Here is a quick snap of basic stats from our data:

data described | Data Version Control

Project Setup: 

To start with, our project folder structure is as below. As we process the files in the later sections, each of these folders will have respective files in them.

+—data
| +—processed –> This will have 2 files train and test after split
| —raw –> This will have the raw data file
+—data_given –> The data from the source either from the local machine or external source
+—report –> A place holder for JSON files.
+—saved_models –> The model pickle file will be saved
—src –> Four python files: get data, load data, splitting data, and Model building

 

Configurations:

The configuration plays a key role in setting up a workflow and also to keep the code clean and improve readability. We will use the YAML file format to define our configurations in stages. To know more about configs, please read my previous blog Reproducible ML Reports Using YAML Configs

Create a file by name param.yaml and have the below configuration defined:

base:
  project: SAHeart-project
  random_state: 999
  target_col: chd
.........
split_data:
  train_path: data/processed/train_SAHeart.csv
  test_path: data/processed/test_SAHeart.csv
  test_size: 0.25
model_dir: saved_models

Please refer to the complete code on GitHub

Fetching Data & Pre-processing:

Let’s create a python file by the name get_data.py where we will load the data and carry out basic data processing.
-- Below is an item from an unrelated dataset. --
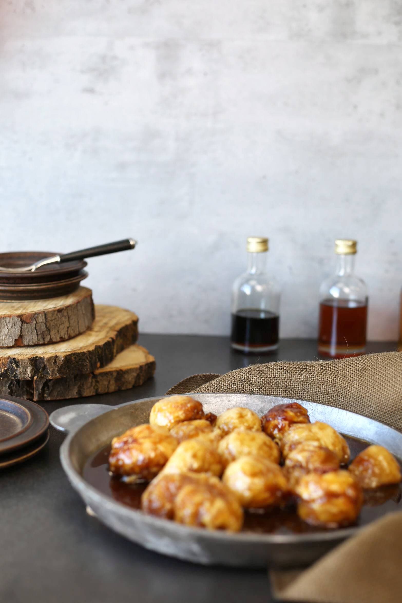 - À l’aide d’une cuillère à crème glacée, former des boules de pâte et les cuire dans le sirop (qui mijote) pour 10 à 15 minutes. Répéter l’opération avec le reste de la pâte.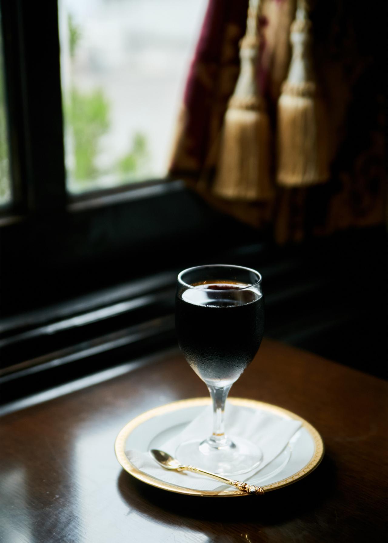 欧蘭陀珈琲(アイスコーヒー)650円。氷が入っていないため味が薄まらないのもうれしい。

The processed data will be saved in the data_given folder which we had created in an earlier section

...........
def read_params(config_path):
    with open(config_path) as yaml_file:
        config = yaml.safe_load(yaml_file)
    return config
def get_data(config_path):
    config = read_params(config_path)
    data_path = config["data_source"]["s3_source"]
    df = pd.read_csv(data_path, sep=",", encoding='utf-8')
    df = pd.get_dummies(df, columns = ['famhist'], drop_first=True)
    df.drop("sbp",axis=1, inplace=True)
    return df
..........

Please refer to the complete code on GitHub

Loading Data:

We will create a python file load_data.py and load the data from our previous stage and save it in ./raw folder which we had created earlier

.......
def load_and_save(config_path):
    config = read_params(config_path)
    df = get_data(config_path)
    df = df.dropna()
    new_cols = [col.replace(" ", "_") for col in df.columns]
    raw_data_path = config["load_data"]["raw_dataset_csv"]
    df.to_csv(raw_data_path, sep=",", index=False, header=new_cols)
.......

Please refer to the complete code on GitHub

Splitting Data:

Our next stage would be to split the data into train and test which is an essential step before model building. There will be two files created train_SAHeart.csv and test_SAHeart.csv. These two files will be saved under data/processed folder

.............
    train, test = train_test_split(
        df, 
        test_size=split_ratio, 
        random_state=random_state
        )
    train.to_csv(train_data_path, sep=",", index=False, encoding="utf-8")
    test.to_csv(test_data_path, sep=",", index=False, encoding="utf-8")
.............

Please refer to the complete code on GitHub

Model Building:

This is the last of four stages – the model building where we will build a binary classification model using Logistic Regression. Lets create a python file by name train_and_evaluate.py with the below code. In the end, the model in the pickle format is saved under the/saved_models folder.

...........
def train_and_evaluate(config_path):
    config = read_params(config_path)
    test_data_path = config["split_data"]["test_path"]
    train_data_path = config["split_data"]["train_path"]
    random_state = config["base"]["random_state"]
    model_dir = config["model_dir"]
    target = [config["base"]["target_col"]]
    train = pd.read_csv(train_data_path, sep=",")
    test = pd.read_csv(test_data_path, sep=",")
    train_y = train[target]
    test_y = test[target]
    train_x = train.drop(target, axis=1)
    test_x = test.drop(target, axis=1)
    # Build logistic regression model
    model = LogisticRegression(solver='saga', random_state=0).fit(train_x, train_y)
    # Report training set score
    train_score = model.score(train_x, train_y) * 100
    print(train_score)
    # Report test set score
    test_score = model.score(test_x, test_y) * 100
    print(test_score)
.............

Please refer to the complete code on GitHub

At this stage, our project structure is as below. The files highlighted are the ones that we generated from our previous four stages.

+---data
|   +---processed
|   |       test_SAHeart.csv
|   |       train_SAHeart.csv
|   ---raw
|           SAHeart.csv
+---data_given
|       SAHeart.csv
+---report
+---saved_models
|       model.joblib
---src
    |   get_data.py
    |   load_data.py
    |   split_data.py
    |   train_and_evaluate.py

DVC Setup:

If you don’t have DVC Install then install as below. For more information refer install DVC

pip install dvc

Getting started with DVC:

Assuming you have already installed DVC, initiate DVC as below. This is very similar to initiating git.

dvc init

Mapping remote storage: We need to tell DVC where our remote storage is on local machine.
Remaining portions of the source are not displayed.